WHAT TO PRODUCE -> Only the lines from the top of the records below through the line containing "zonder kraangat |" should be printed, exactly and without pictures.

BEGIN INPUT

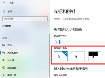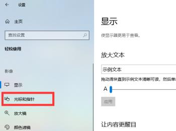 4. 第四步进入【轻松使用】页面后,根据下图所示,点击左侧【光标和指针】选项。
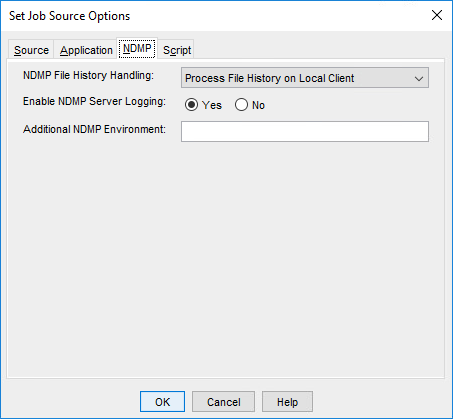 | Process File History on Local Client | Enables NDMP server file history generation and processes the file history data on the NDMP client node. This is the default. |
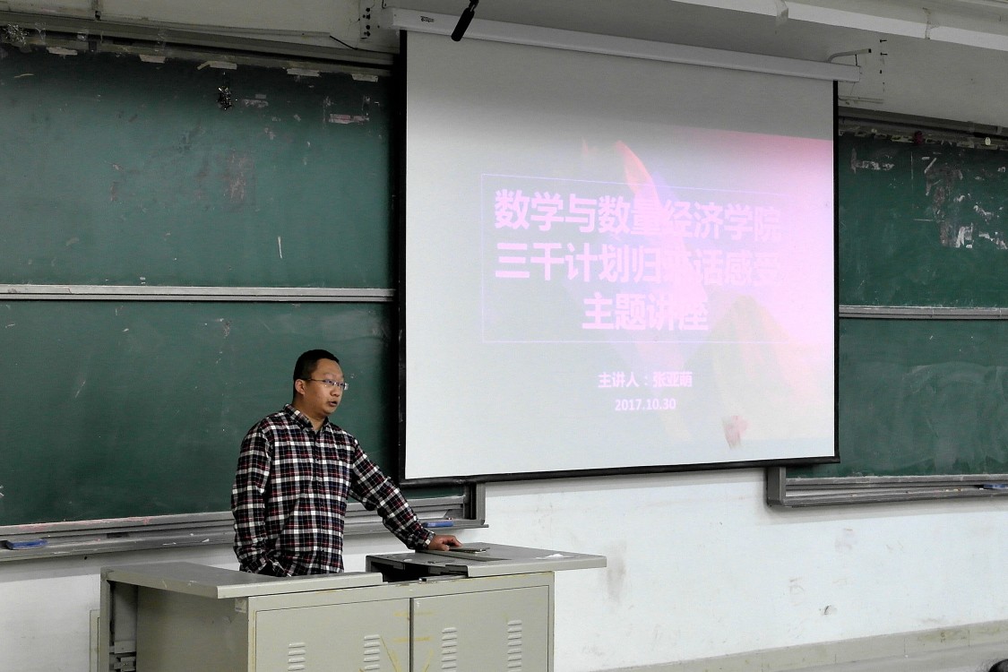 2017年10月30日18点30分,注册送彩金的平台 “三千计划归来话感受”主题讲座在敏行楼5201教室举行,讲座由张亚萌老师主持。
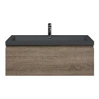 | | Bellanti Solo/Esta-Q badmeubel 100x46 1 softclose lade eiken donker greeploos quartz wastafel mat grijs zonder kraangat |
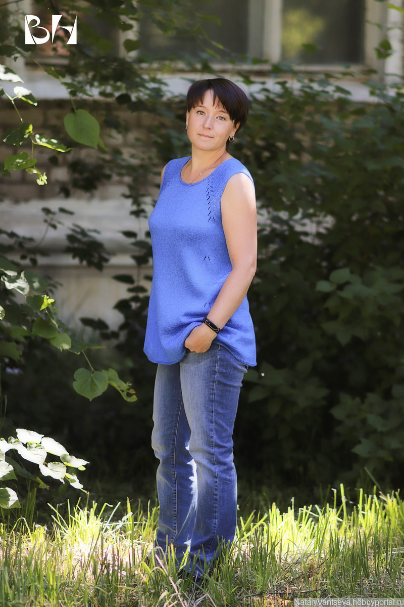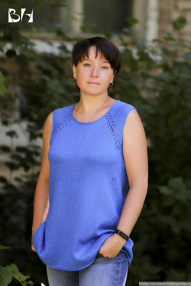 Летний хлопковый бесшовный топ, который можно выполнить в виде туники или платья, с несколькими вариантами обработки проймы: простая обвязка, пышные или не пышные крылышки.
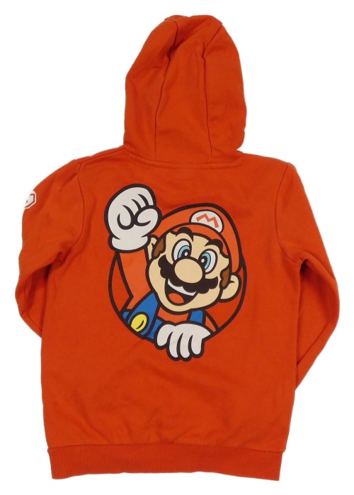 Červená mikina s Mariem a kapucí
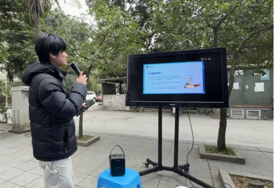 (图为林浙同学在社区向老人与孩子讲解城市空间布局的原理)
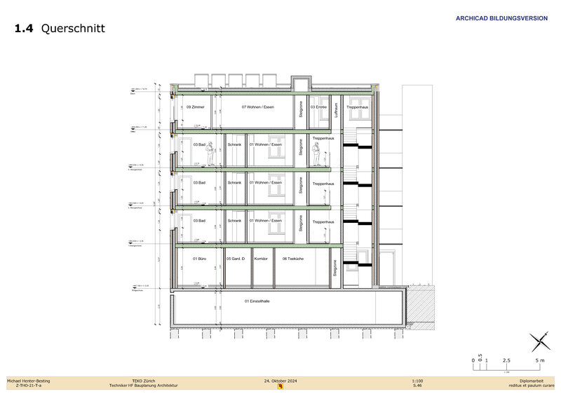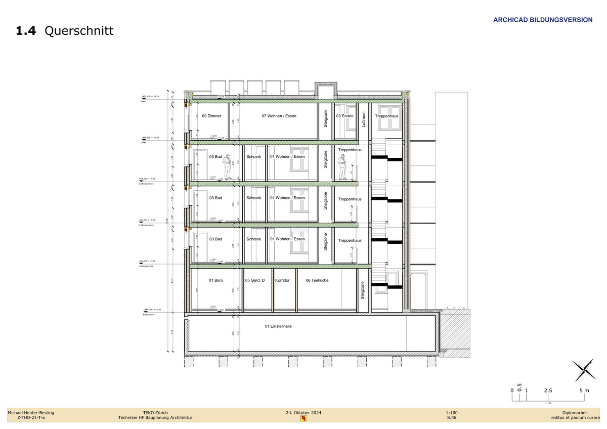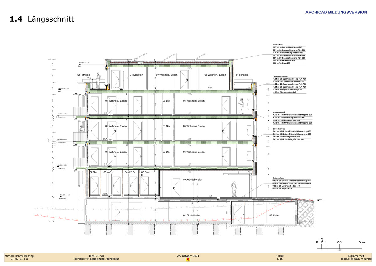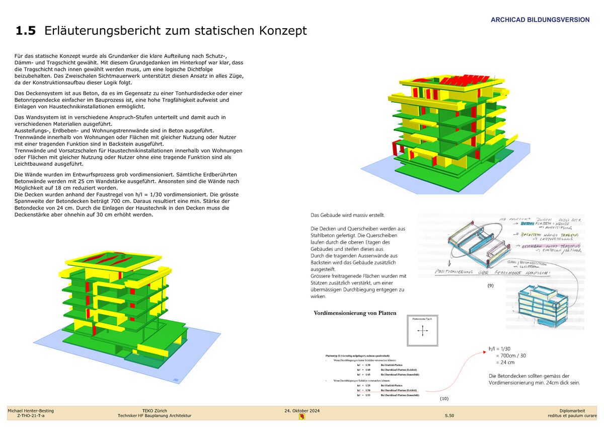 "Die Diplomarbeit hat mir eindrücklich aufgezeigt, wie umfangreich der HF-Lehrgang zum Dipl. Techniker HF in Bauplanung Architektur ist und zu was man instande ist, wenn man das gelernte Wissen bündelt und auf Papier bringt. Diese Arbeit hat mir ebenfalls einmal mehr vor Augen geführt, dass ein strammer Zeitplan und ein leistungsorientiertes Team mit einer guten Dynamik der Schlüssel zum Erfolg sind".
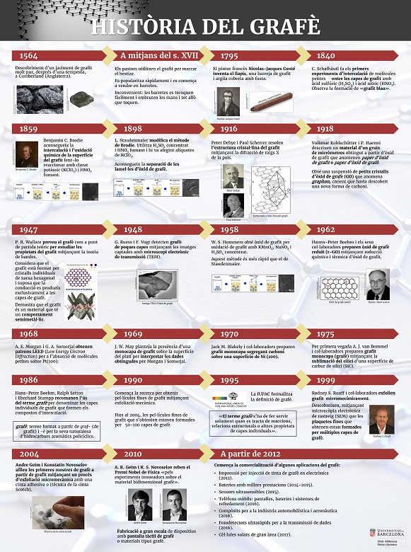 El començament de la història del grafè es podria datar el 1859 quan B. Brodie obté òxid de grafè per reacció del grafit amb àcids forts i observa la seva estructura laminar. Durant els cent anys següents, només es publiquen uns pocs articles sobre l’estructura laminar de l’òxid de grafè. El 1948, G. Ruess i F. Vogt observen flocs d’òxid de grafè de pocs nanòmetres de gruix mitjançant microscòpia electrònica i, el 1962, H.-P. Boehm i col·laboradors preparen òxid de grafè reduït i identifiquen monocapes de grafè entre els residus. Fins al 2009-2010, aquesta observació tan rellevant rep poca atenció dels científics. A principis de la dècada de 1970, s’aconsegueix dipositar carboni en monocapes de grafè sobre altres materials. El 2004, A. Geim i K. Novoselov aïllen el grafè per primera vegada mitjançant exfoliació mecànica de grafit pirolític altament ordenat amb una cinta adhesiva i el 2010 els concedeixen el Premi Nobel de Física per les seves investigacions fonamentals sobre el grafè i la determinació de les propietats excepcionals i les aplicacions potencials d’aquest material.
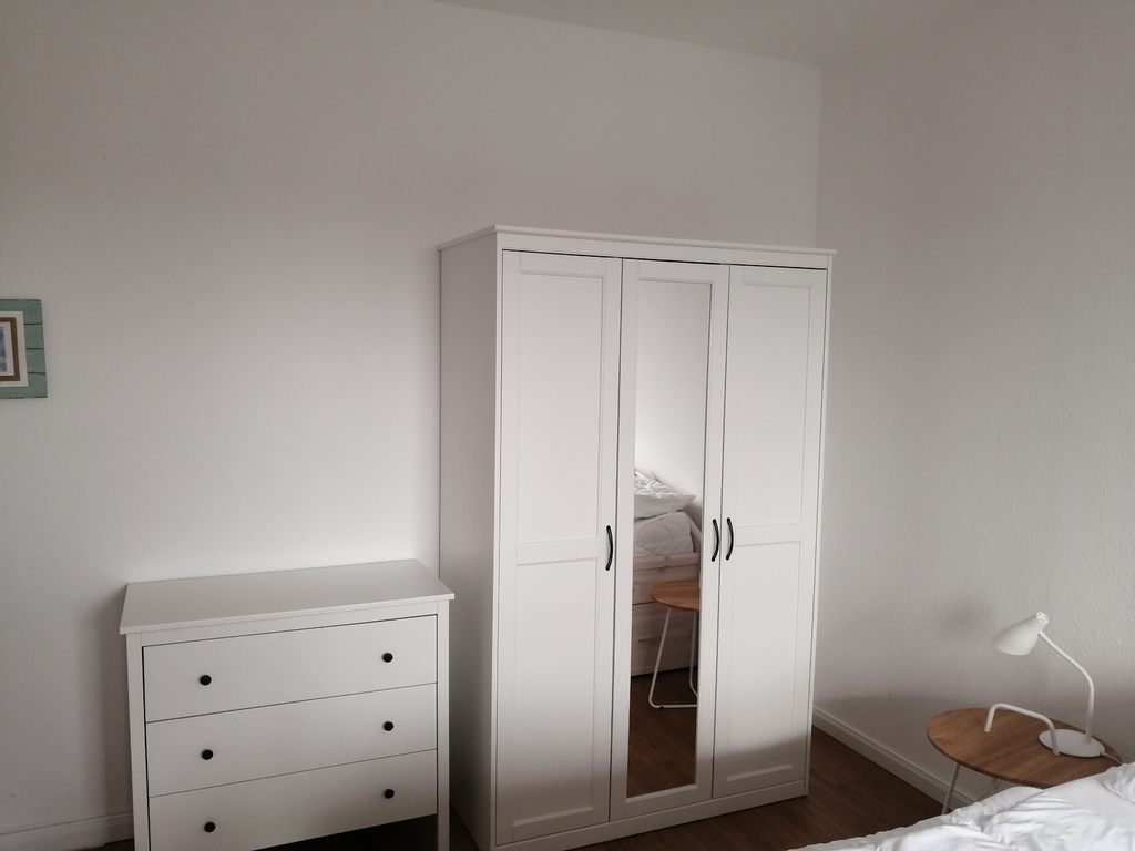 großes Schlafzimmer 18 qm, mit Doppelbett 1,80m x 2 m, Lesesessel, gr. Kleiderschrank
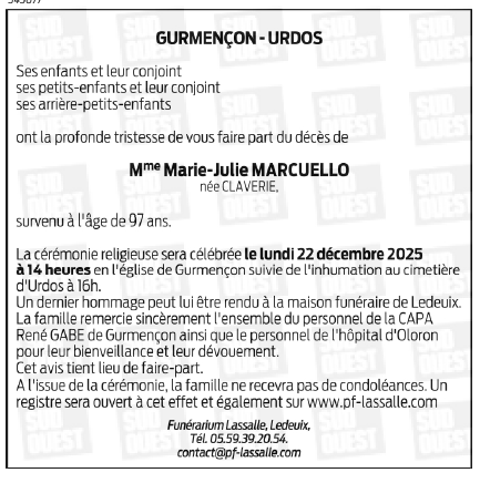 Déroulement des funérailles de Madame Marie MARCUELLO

END INPUT

RESULT OF THIS EXERCISE ->
 4. 第四步进入【轻松使用】页面后,根据下图所示,点击左侧【光标和指针】选项。
 | Process File History on Local Client | Enables NDMP server file history generation and processes the file history data on the NDMP client node. This is the default. |
 2017年10月30日18点30分,注册送彩金的平台 “三千计划归来话感受”主题讲座在敏行楼5201教室举行,讲座由张亚萌老师主持。
 | | Bellanti Solo/Esta-Q badmeubel 100x46 1 softclose lade eiken donker greeploos quartz wastafel mat grijs zonder kraangat |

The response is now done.